**REQUIREMENT:**
Starting with the line that has "分包施工方承擔(dān)合同" and finishing with the line that has "右前板の上小口部分に、少々のシートの浮きがございます。", set down each line below exactly. Pictures are not copied.

**MATERIAL FOR THIS EXERCISE:**
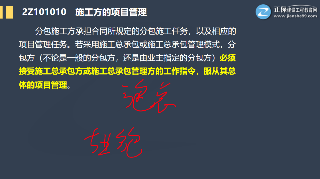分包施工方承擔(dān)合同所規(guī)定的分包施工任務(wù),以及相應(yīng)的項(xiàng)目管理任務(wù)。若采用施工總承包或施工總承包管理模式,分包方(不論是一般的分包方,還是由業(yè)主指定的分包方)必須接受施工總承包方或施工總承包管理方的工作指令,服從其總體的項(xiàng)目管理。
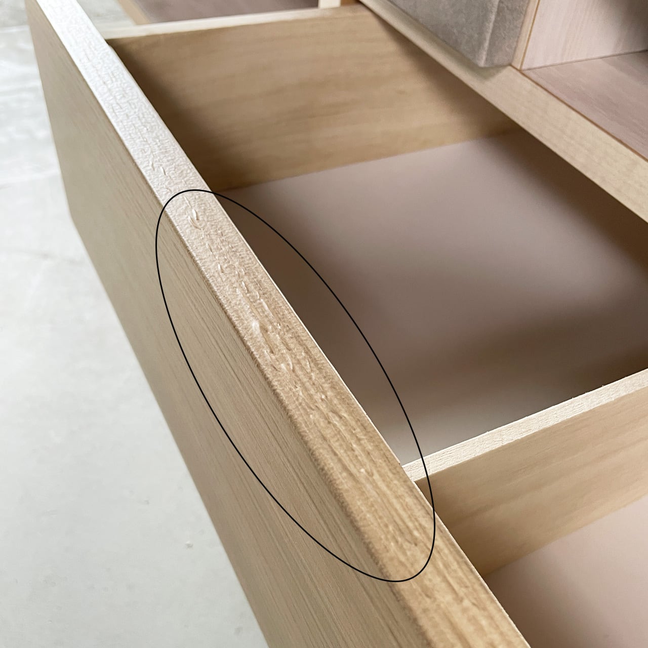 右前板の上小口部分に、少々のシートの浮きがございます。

---

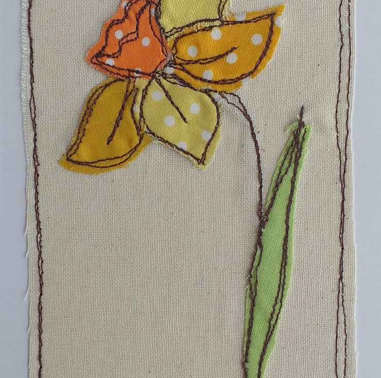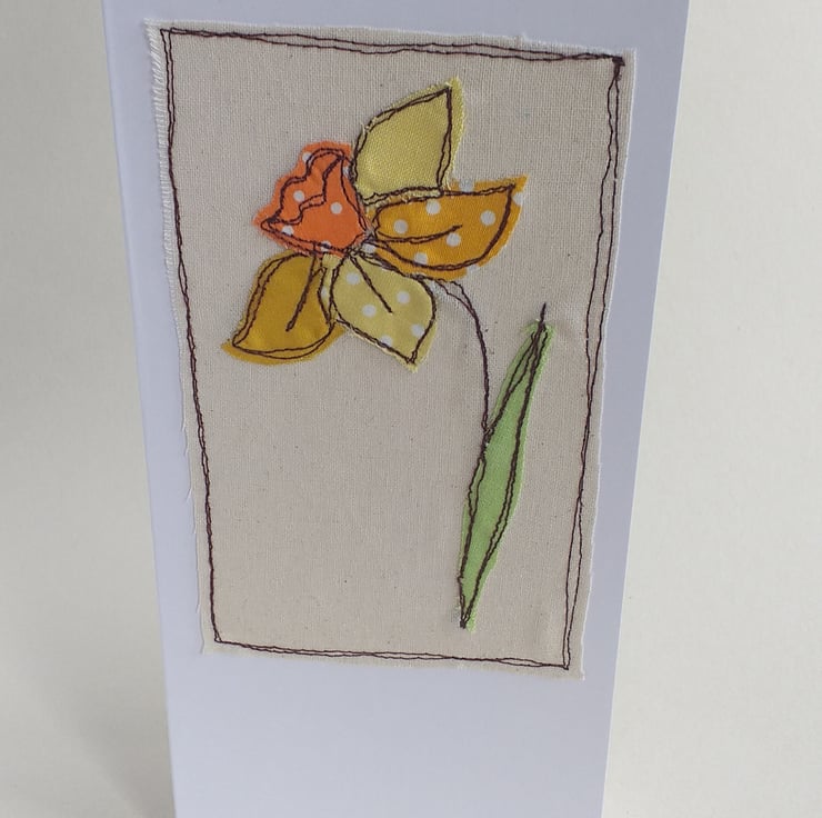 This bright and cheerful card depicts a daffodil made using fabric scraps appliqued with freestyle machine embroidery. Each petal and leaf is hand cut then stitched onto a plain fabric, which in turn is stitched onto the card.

**SOLUTION TO THIS TASK:**
分包施工方承擔(dān)合同所規(guī)定的分包施工任務(wù),以及相應(yīng)的項(xiàng)目管理任務(wù)。若采用施工總承包或施工總承包管理模式,分包方(不論是一般的分包方,還是由業(yè)主指定的分包方)必須接受施工總承包方或施工總承包管理方的工作指令,服從其總體的項(xiàng)目管理。
 右前板の上小口部分に、少々のシートの浮きがございます。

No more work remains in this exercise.